The general consensus is that any and every organisation that collects your personal data should be subject to the rules in the Bill.

Also, it is not easy in some ­circumstances to draw a line between commercial and non-commercial transactions, said Foong at Lee, Hishammuddin, Allen & Gledhill.

He and Tong pointed out that according to the Bill, information collected by federal and state governments is not subject to the ­stipulations provided for.

“What if the Selangor State Development Corporation (PKNS) forms a business joint venture with the Government.

“PKNS, created under the Selangor State Development Corporation Enactment, 1964, means it should be treated as a separate legal entity,” said Foong.

“But it is not clear whether or not PKNS in such a situation would be bound by the data protection rules in the Bill. A ­similar ­predicament arises with any other local ­authority, statutory body, or state corporate entity.”

Also, the fact that the Bill exempts the Government from personal data protection rules should be of great concern to everyone, he said. “The Government is the biggest ­collector of personal data – from the time we are born to the day we die.”

Foong believes the Government should play its role as the ­protector of the personal ­information of its citizens.

He said the Government has stated that it has its own mechanism for protecting the ­personal data of its citizens.

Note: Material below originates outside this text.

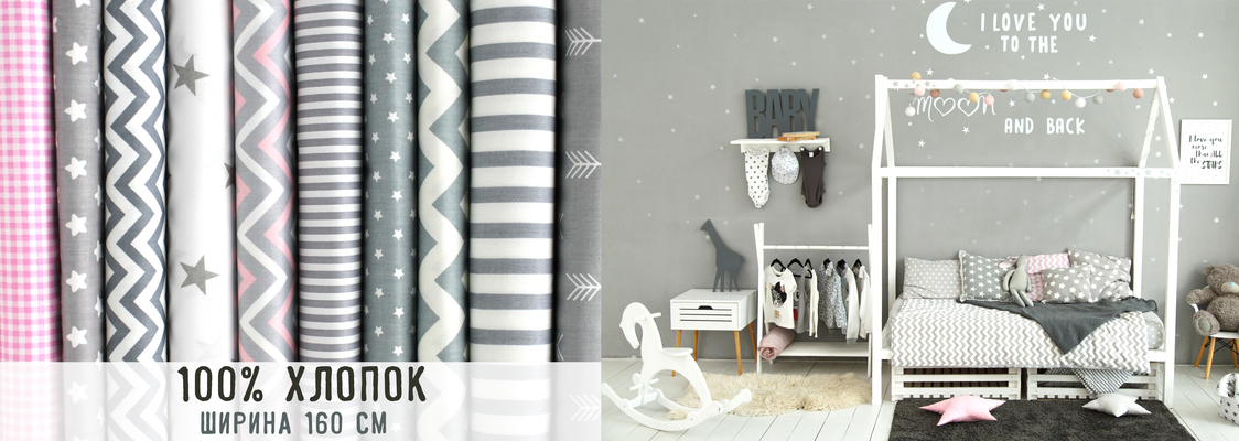 В нашем интернет-магазине вы можете купить ткани для постельного белья, бортиков, детских кроваток и комплектов на выписку, игрушек, декоративных подушек, штор и других элементов домашнего декора, а также для одежды и пеленок для новорожденных.

But it has not revealed if the mechanism is as extensive as that set down in the Bill for the handling of personal data.

The Bill stipulates seven ­principles ­governing the handling of such data – ­covering ­everything from getting permission from the citizen to why the information is needed, to what can be stored, to how long it can be stored, and to how much of it can be shared.

University Malaya’s Abu Bakar ­recommends that the Government develop a set of rules and ­regulations, i.e. a code of ­practice, to protect the personal ­information of the rakyat, or have separate ­legislation to that respect.

Last bit

Despite some shortcomings, the Personal Data Protection Bill 2009 is still a good start towards empowering Malaysians to ­maintain their privacy.

When it becomes law, it will need to be finetuned from time to time so that it provides better protection and does not become antiquated.

So, the next time you get an SMS or phone call in the middle of the night or any other time for a free night’s stay or another ­unsolicited service or product, it could be the other guy that gets the wake-up call.

Note: The Personal Data Protection Act 2009 has received the Royal Assent on June 2, 2010 which now makes it an Act. However, the Act will only take effect when the Government gazettes it.